* **Data extract**:
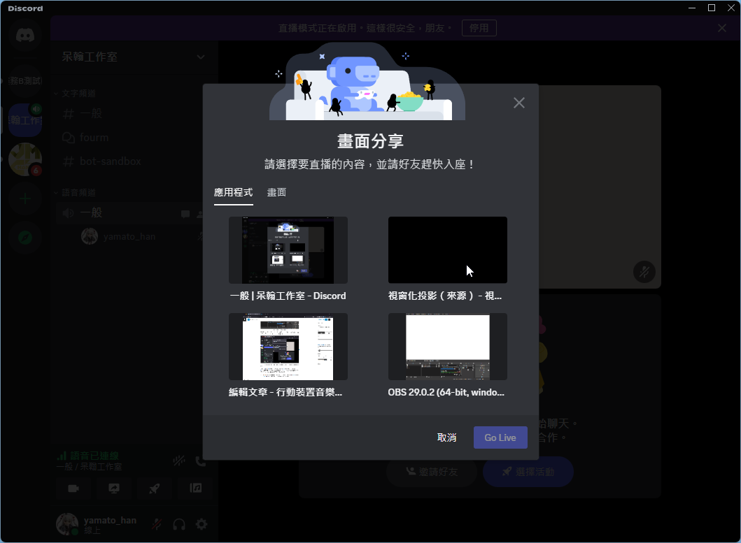 開出預覽視窗之後,回到 Discord 就可以設定直播電腦畫面了,點選「分享您的螢幕」後,接著選擇 OBS 的預覽視窗。
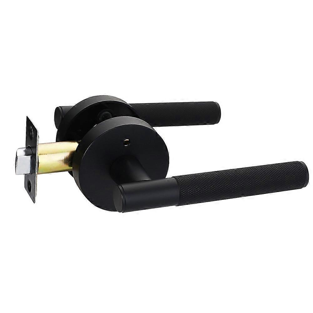 Privacy Door Handle Knurled Handle Lever Bedroom Bathroom Passage Door Lock Reversible Keyless Black
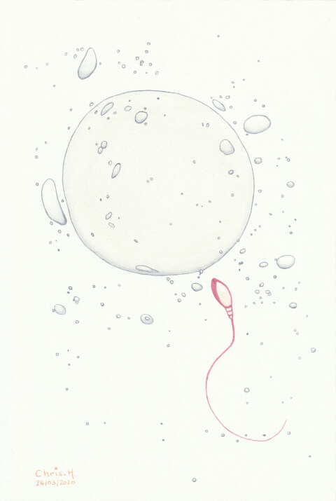 Rencontre : 20 x 30 cm, aquarelle végétale avec des pigments extraits de chou rouge et raisin d’Amérique.

* **Goal of the exercise**:
When you write out the material, reproduce each line exactly and omit any picture it holds.

* **Output of the exercise**:
 開出預覽視窗之後,回到 Discord 就可以設定直播電腦畫面了,點選「分享您的螢幕」後,接著選擇 OBS 的預覽視窗。
 Privacy Door Handle Knurled Handle Lever Bedroom Bathroom Passage Door Lock Reversible Keyless Black
 Rencontre : 20 x 30 cm, aquarelle végétale avec des pigments extraits de chou rouge et raisin d’Amérique.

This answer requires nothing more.